Published 25 June 2018

Believe it or not, the Land Rover Discovery 2 celebrates its 20thbirthday this year. It was introduced at the 1998 British International Motor Show at the NEC - last truly great British show. 

Alongside the Rover 75, Vauxhall Astra and Jaguar S-Type, the Discovery 2 was one of four major British-built cars to be exhibited in Birmingham, and was pitched by Land Rover as a completely new vehicle.

It wasn’t, of course, as there wasn’t the development money available to do it properly, but it was certainly much more than just a facelift.

The Disco 2 ushered in several styling changes, though the basic architecture remained the same. The rear chassis and body were lengthened, though, to accommodate forward-facing rear seats, although the seven-seat option could only be specified with air suspension – the coil-sprung set-up was never type approved for rear passengers, as Land Rover’s engineers suspected the handling could be compromised.

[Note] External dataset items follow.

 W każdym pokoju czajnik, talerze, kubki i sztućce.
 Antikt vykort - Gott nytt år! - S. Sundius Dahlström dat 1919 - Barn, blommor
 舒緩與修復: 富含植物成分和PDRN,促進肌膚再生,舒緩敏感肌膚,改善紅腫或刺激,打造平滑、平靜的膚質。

Land Rover Discovery 2 (3)

Air sprung models, from GS-spec upwards, also came with a new development called Active Cornering Enhancement (ACE), which was an electronically controlled fluid-based set up that worked in the way of an anti-roll bar, but with far less body roll. When it worked, it was brilliant, meaning the Discovery 2 could be cornered with gusto.

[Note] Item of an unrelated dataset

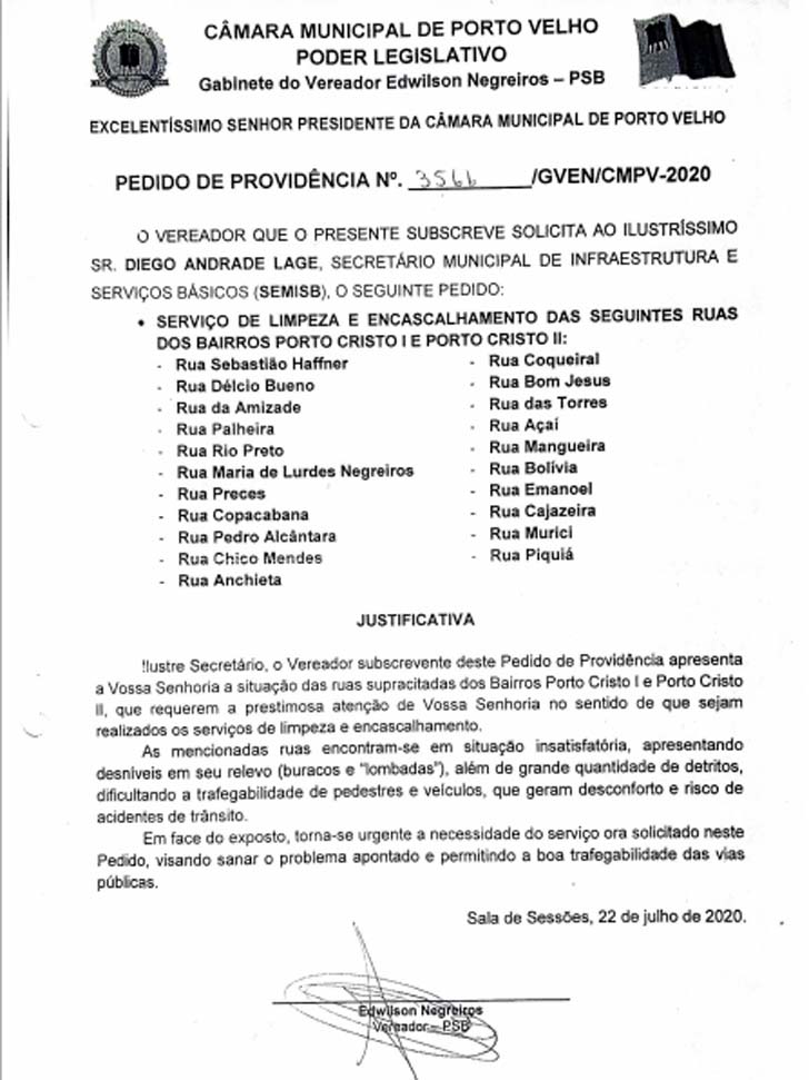 O pedido foi feito pelo vereador Edwilson Negreiros que tem sido um dos grandes parceiros daquelas comunidades em seu mandato. Para ele, a parceria com a Prefeitura tem garantido a execução de obras de relevância em toda a cidade a pedido dos vereadores.

It was a handsome machine, very similar in profile to the Discovery 1, but with chunkier styling details, a bold front end, larger headlamps and orange marker lamps to comply with US Federal legislation, while the rear lamp clusters were larger and unique to the Discovery, unlike the Austin Maestro van tail lights fitted to its predecessor.

It was also much plusher inside, with a brand new dash, a far more logically placed stereo and significantly improved fabrics, while the flagship ES model was brilliantly appointed, with Connolly leather, twin sunroofs, a CD multi-changer and electronic climate control – these were big things back in 1998.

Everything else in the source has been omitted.